What the task requires » An exact copy of all the lines below is required, with every image left out.

Information provided »
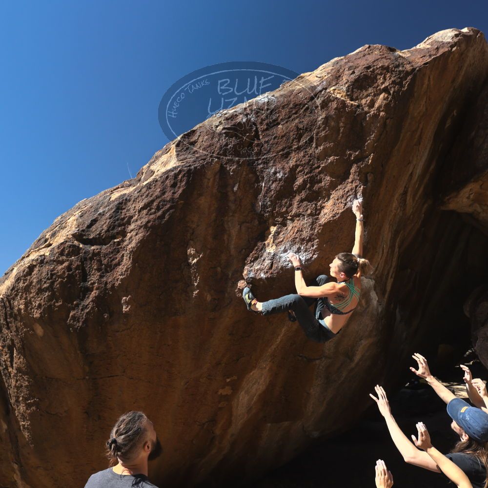 Blue Lizard Climbing and Yoga Hueco Tanks guiding on February 26, 2022, with Emily, Kevin, Mel, Tyre
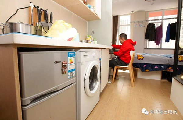 某长租公寓内,租客李苗在自己的房间内吃早饭。新华社记者谭慧婷 摄
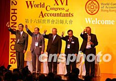 十一月十八日,香港举行规模盛大的世界会计师大会欢迎酒会,图为香港特别行政区行政长官董建华(中)出席该酒会。潘索菲 摄
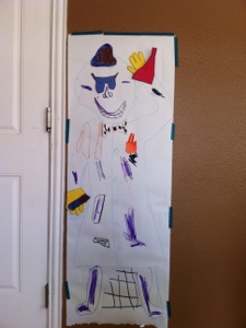 Put the chips in a glass measuring cup and put them in the microwave for 30 seconds. Then stir, and put them back in for 10 seconds at a time, then stir. Repeat until the chips are melted. Tear a 16 inch sheet of waxed paper and lay it flat on your counter. Pour the melted chocolate out and spread it evenly across the paper. Put another layer of waxed paper on top and roll it up and put it in the refrigerator, seem side down for 30 minutes. Don’t add the shards until the cake and icing are cool, because they will melt. When you are ready, unroll the wax paper and the chocolate will break into shards. Use the tallest ones to go around the cake, and put the smaller pieces on top. Try to work with cold hands too, because even the heat of your hands will melt the chocolate.
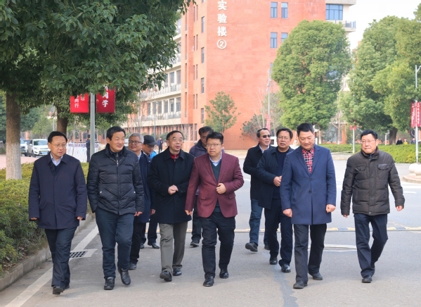本网讯 2月19日,湖北师范大学党委书记李宏、校长雷儒金、副校长余涛、办公室主任陈学章一行来易游 (中国版权)官方网站检查指导开学准备工作,易游 (中国版权)官方网站全体校领导全程陪同。
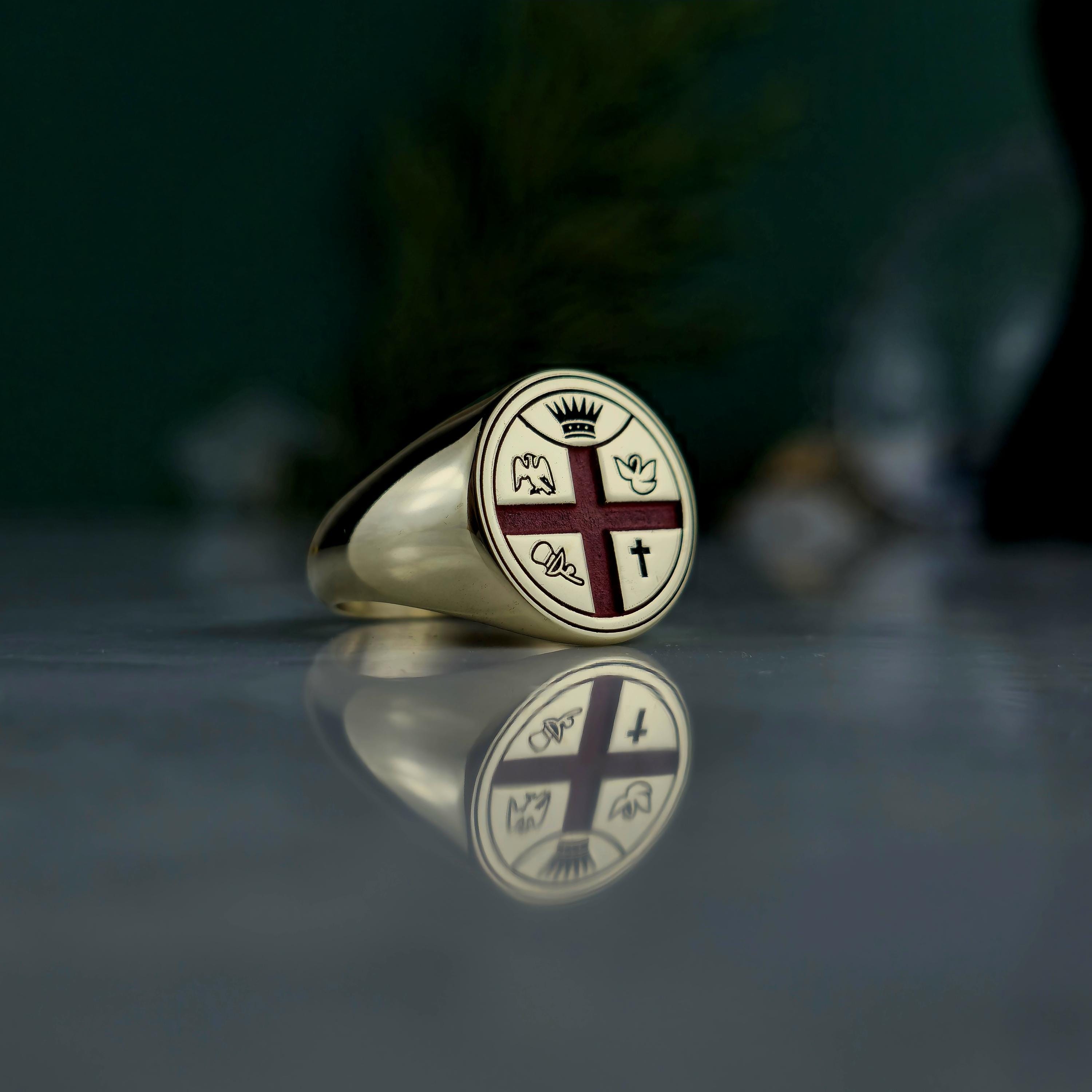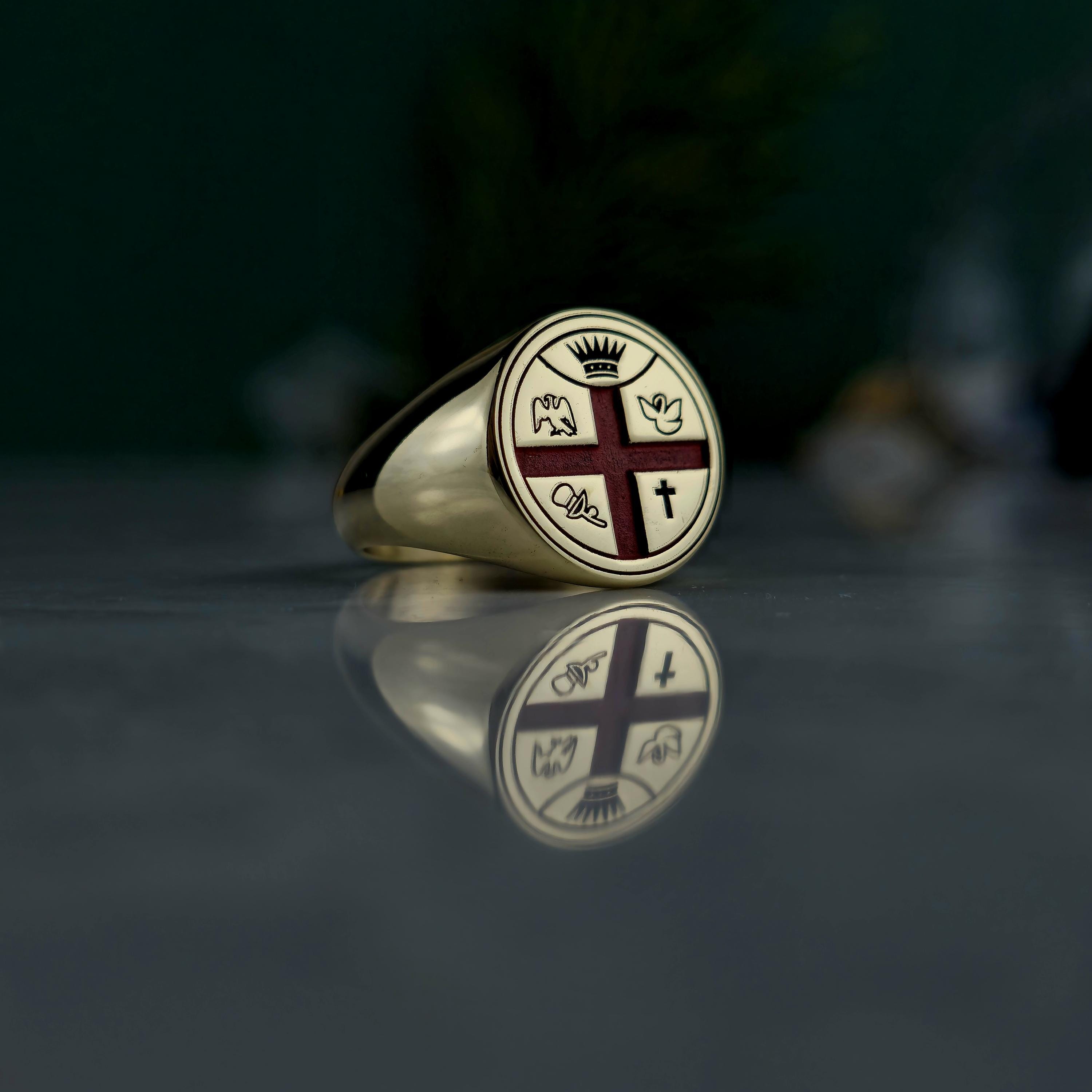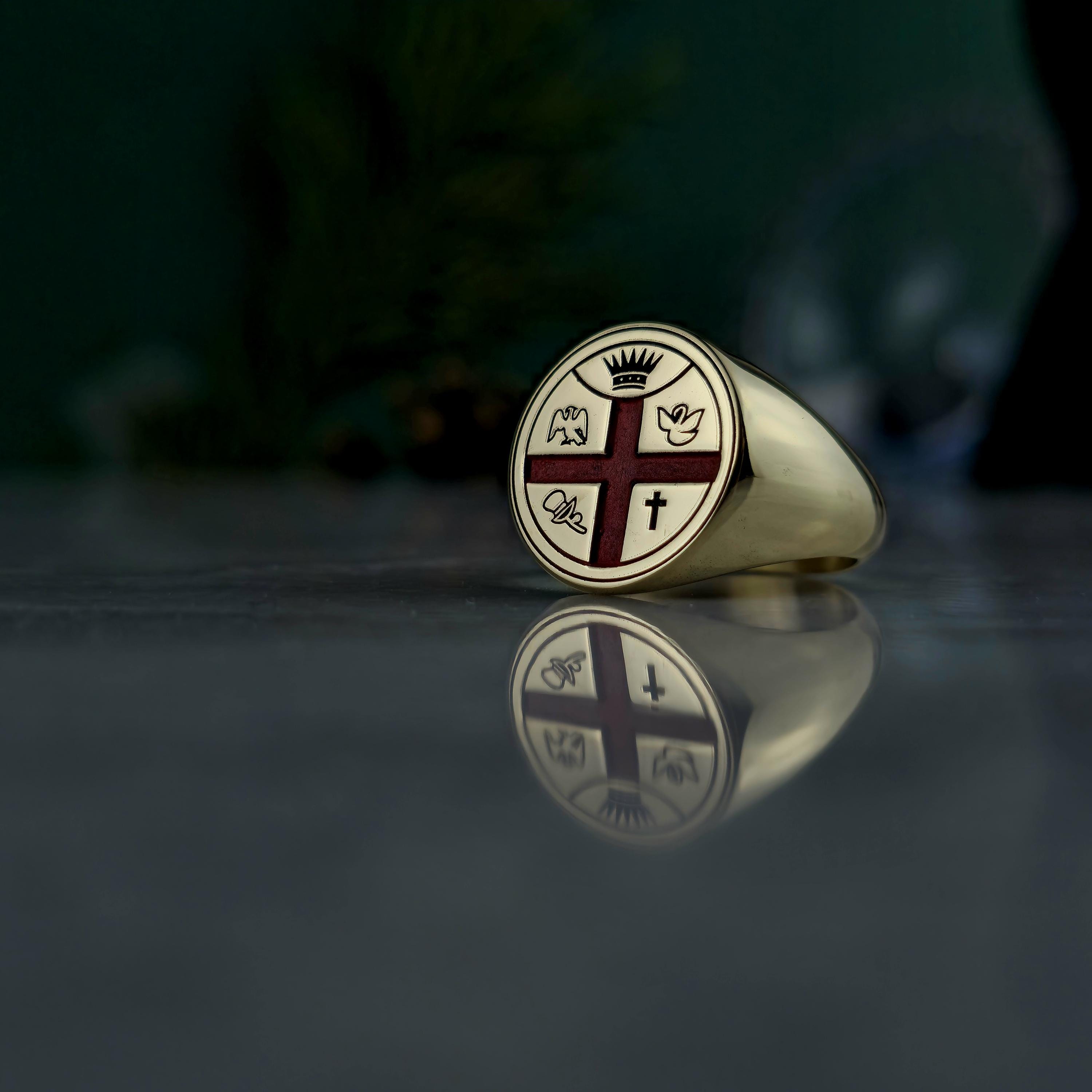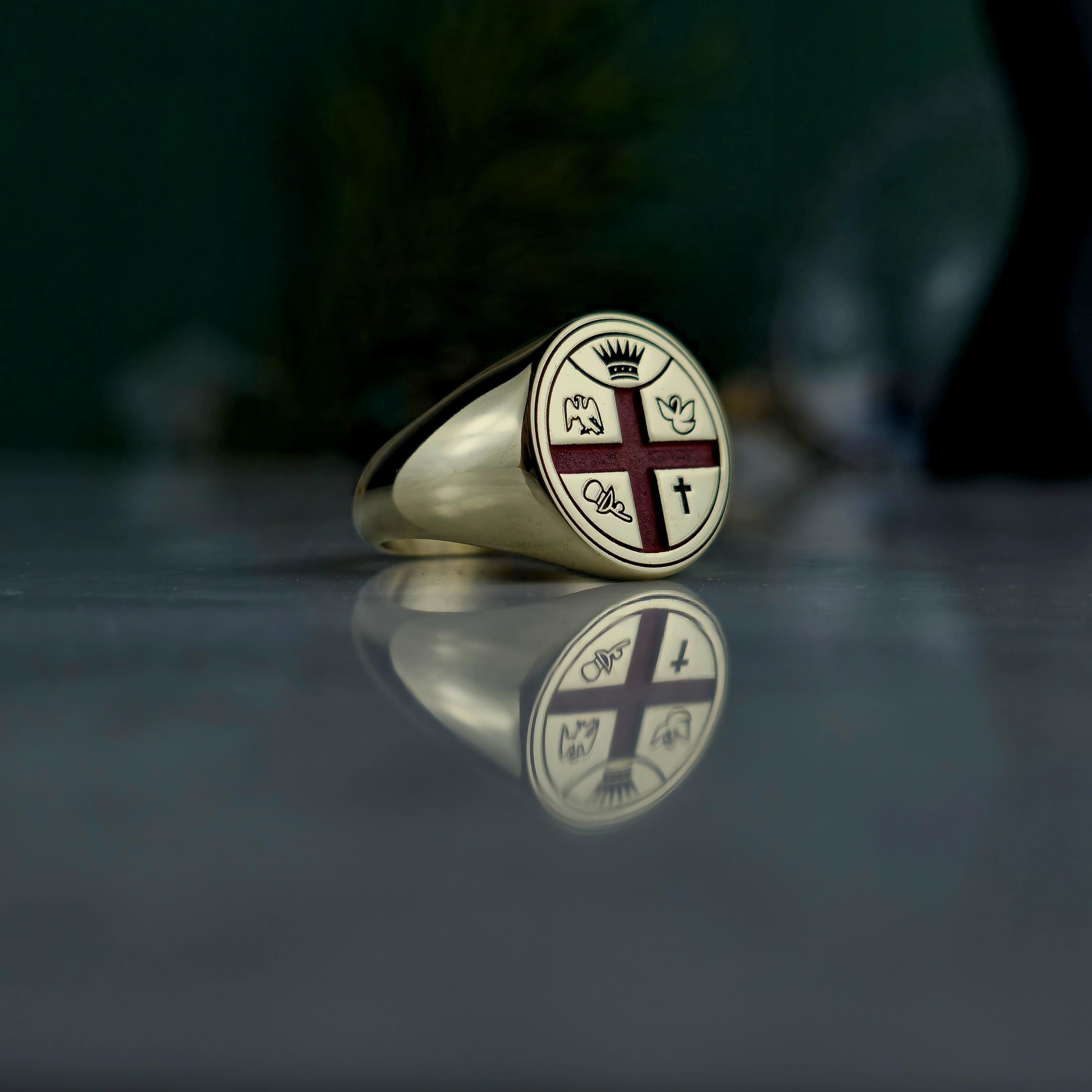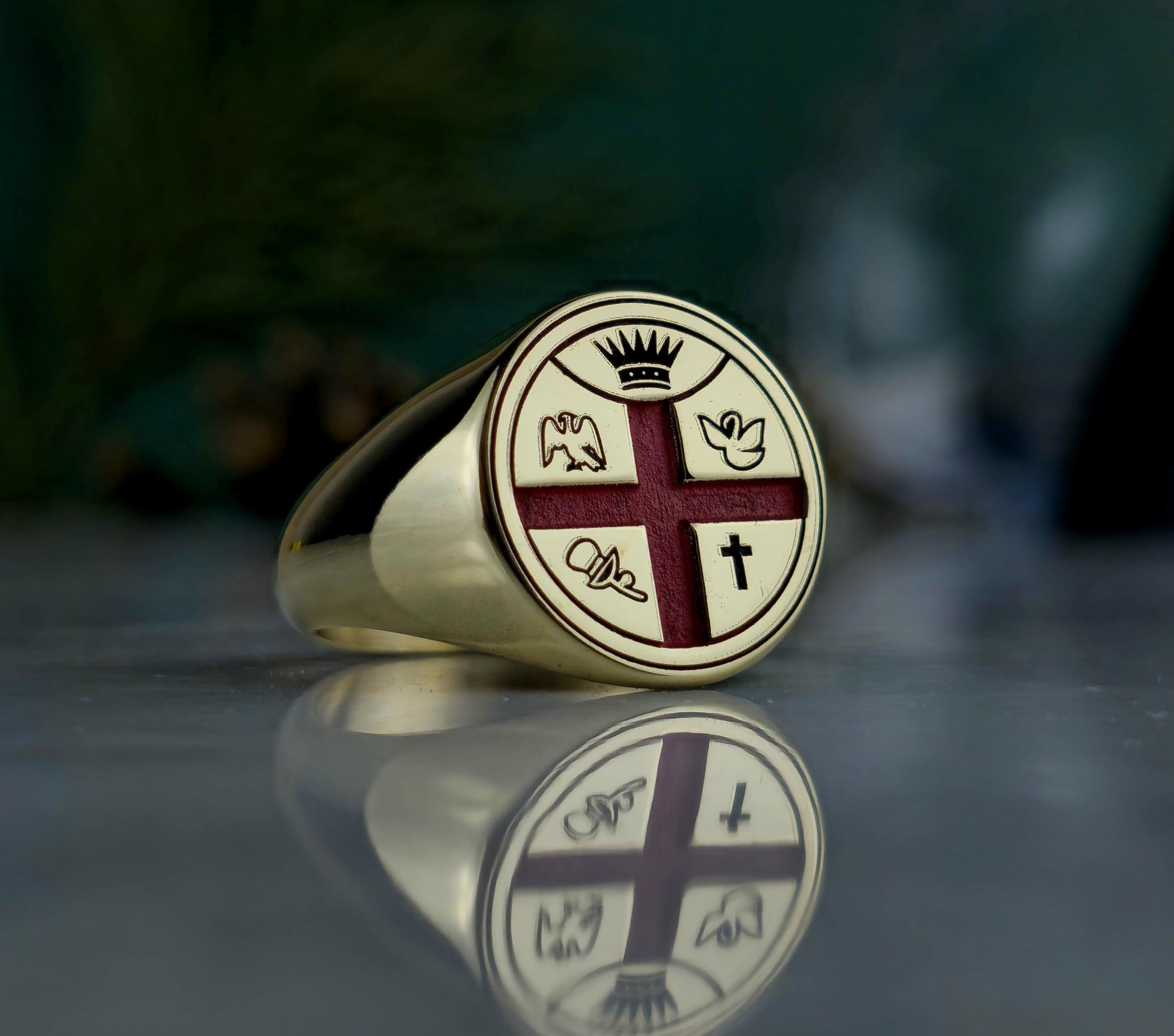 This handcrafted Masonic signet ring represents centuries of tradition and brotherhood. Made from 925 sterling silver and plated with 18K gold, it features a red enamel cross with detailed Masonic emblems symbolizing enlightenment, unity, and virtue.

Problem solution »
 Blue Lizard Climbing and Yoga Hueco Tanks guiding on February 26, 2022, with Emily, Kevin, Mel, Tyre
 某长租公寓内,租客李苗在自己的房间内吃早饭。新华社记者谭慧婷 摄
 十一月十八日,香港举行规模盛大的世界会计师大会欢迎酒会,图为香港特别行政区行政长官董建华(中)出席该酒会。潘索菲 摄
 Put the chips in a glass measuring cup and put them in the microwave for 30 seconds. Then stir, and put them back in for 10 seconds at a time, then stir. Repeat until the chips are melted. Tear a 16 inch sheet of waxed paper and lay it flat on your counter. Pour the melted chocolate out and spread it evenly across the paper. Put another layer of waxed paper on top and roll it up and put it in the refrigerator, seem side down for 30 minutes. Don’t add the shards until the cake and icing are cool, because they will melt. When you are ready, unroll the wax paper and the chocolate will break into shards. Use the tallest ones to go around the cake, and put the smaller pieces on top. Try to work with cold hands too, because even the heat of your hands will melt the chocolate.
本网讯 2月19日,湖北师范大学党委书记李宏、校长雷儒金、副校长余涛、办公室主任陈学章一行来易游 (中国版权)官方网站检查指导开学准备工作,易游 (中国版权)官方网站全体校领导全程陪同。
 This handcrafted Masonic signet ring represents centuries of tradition and brotherhood. Made from 925 sterling silver and plated with 18K gold, it features a red enamel cross with detailed Masonic emblems symbolizing enlightenment, unity, and virtue.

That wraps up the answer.